Indobufen, (±)-2-[p-(1-oxo-2-isoindolinyl)phenyl]butyric acid, is an orally active antiplatelet agent which inhibits platelet activation,adhesion and aggregation. These platelet functions are essentially suppressed through the reversible inhibition of arachidonic acid metabolism at the level of platelet cyclo-oxygenase (fig. 1). In contrast to the effects of aspirin (acetylsalicylic acid),which irreversibly acetylates cyclo-oxygenase, the antiplatelet effects of indobufen are short-lived and normal platelet function resumes within 24 hours after cessation of indobufen administration. Indobufen thus has a reduced risk of the prolonged bleeding time, generally associated with antiplatelet treatment.[1] Improvements in walking distances and microcirculatory parameters have been achieved during therapy with indobufen in patients with peripheral vascular disease and intermittent claudication. Indobufen has been shown to be as effective as aspirin plus dipyridamole in preventing the reocclusion of coronary and femoro-popliteal artery bypass grafts and has been shown to significantly reduce platelet deposition on haemodialysis membranes. Initial studies have also indicated that indobufen may have a prophylactic effect on the incidence of secondary thrombotic events following transient ischaemic attack or mild stroke and may be effective in the prophylaxis of migraine. Indobufen is well tolerated following oral administration and has been associated with a low incidence of adverse effects rarely requiring withdrawal of treatment.Thus, available evidence indicates that indobufen may be an effective alternative to aspirin for the treatment of cerebral, peripheral and coronary vascular diseases with the advantage of a lower incidence of gastrointestinal effects compared to high dose aspirin, rendering indobufen more suitable for longer term therapy. [2]

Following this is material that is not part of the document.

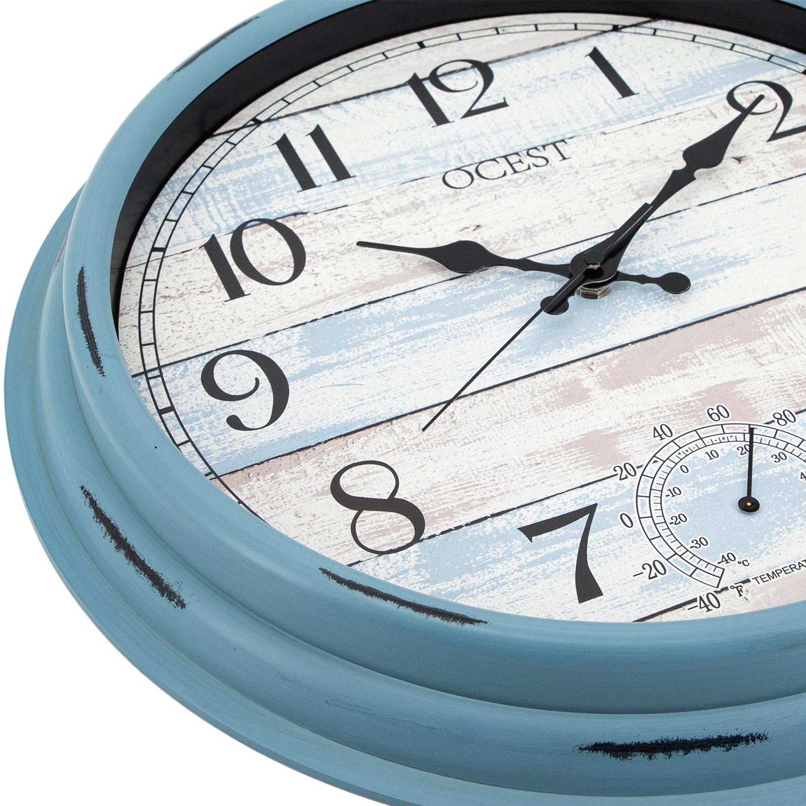 - Elegant Blue Ocean Design: The clock features a subtle wood grain frame and a light blue clock face that adds a refreshing touch to your decor. Its elegant, minimalist design complements a variety of styles, It's suitable for patio, garden,pool,porch,backyard ,laundry room,fence, lanai, garage, farmhouse, bathroom etc

Pharmacodynamic Properties

Indobufen is an isoindolinyl phenyl-butyric acid derivative that produces reversible inhibition of platelet aggregation in vitro and ex vivo. Platelet cyclo-oxygenase is reversibly inhibited by indobufen and this results in decreased production of thromboxane B2, a potent activator of platelet aggregation. The drug inhibits the second wave of aggregation induced by adenosinediphosphate (ADP), epinephrine (adrenaline) and platelet activating factor (PAF) in platelets from healthy volunteers and from patients with occlusive vascular disease, and has a dose-dependent inhibitory effect on collagen- and arachidonic acid-induced aggregation. A maximal inhibitory effect on agonist-induced platelet aggregation is observed 2 hours after a single oral dose of indobufen 200mg. This inhibition is still significant (90%) after 12 hours and is reversible within24 hours. Indobufen therapy (200mg twice daily) significantly inhibits spontaneous platelet aggregation ex vivo compared with placebo in platelets from atherosclerotic patients, and this is evident 2 to 8 hours after administration.Other effects include a reduction in the platelet levels of adenosine triphosphate (ATP), serotonin (5-hydroxytryptamine), platelet factor 3 (PF3), PF4 and J3-thromboglobulin (BTG), decreased platelet adhesiveness in platelets from healthy volunteers and from atherosclerotic patients and an improvement in red blood cell deformability in patients with occlusive vascular disease.Bleeding time is prolonged following indobufen administration, with a maximal effect 2 hours after administration; however, this increase is not clinically relevant and values remain within the upper normal limit at all times.Improvements in microcirculatory parameters, including resting and standing skin blood flow and the venoarteriolar reflex have been found in patients with intermittent claudication and diabetes following indobufen therapy. Indobufen demonstrated antithrombotic activity in vivo in animals against the lethal thrombotic effects of epinephrine and collagen and prevented graft occlusion following vascular surgery. [2]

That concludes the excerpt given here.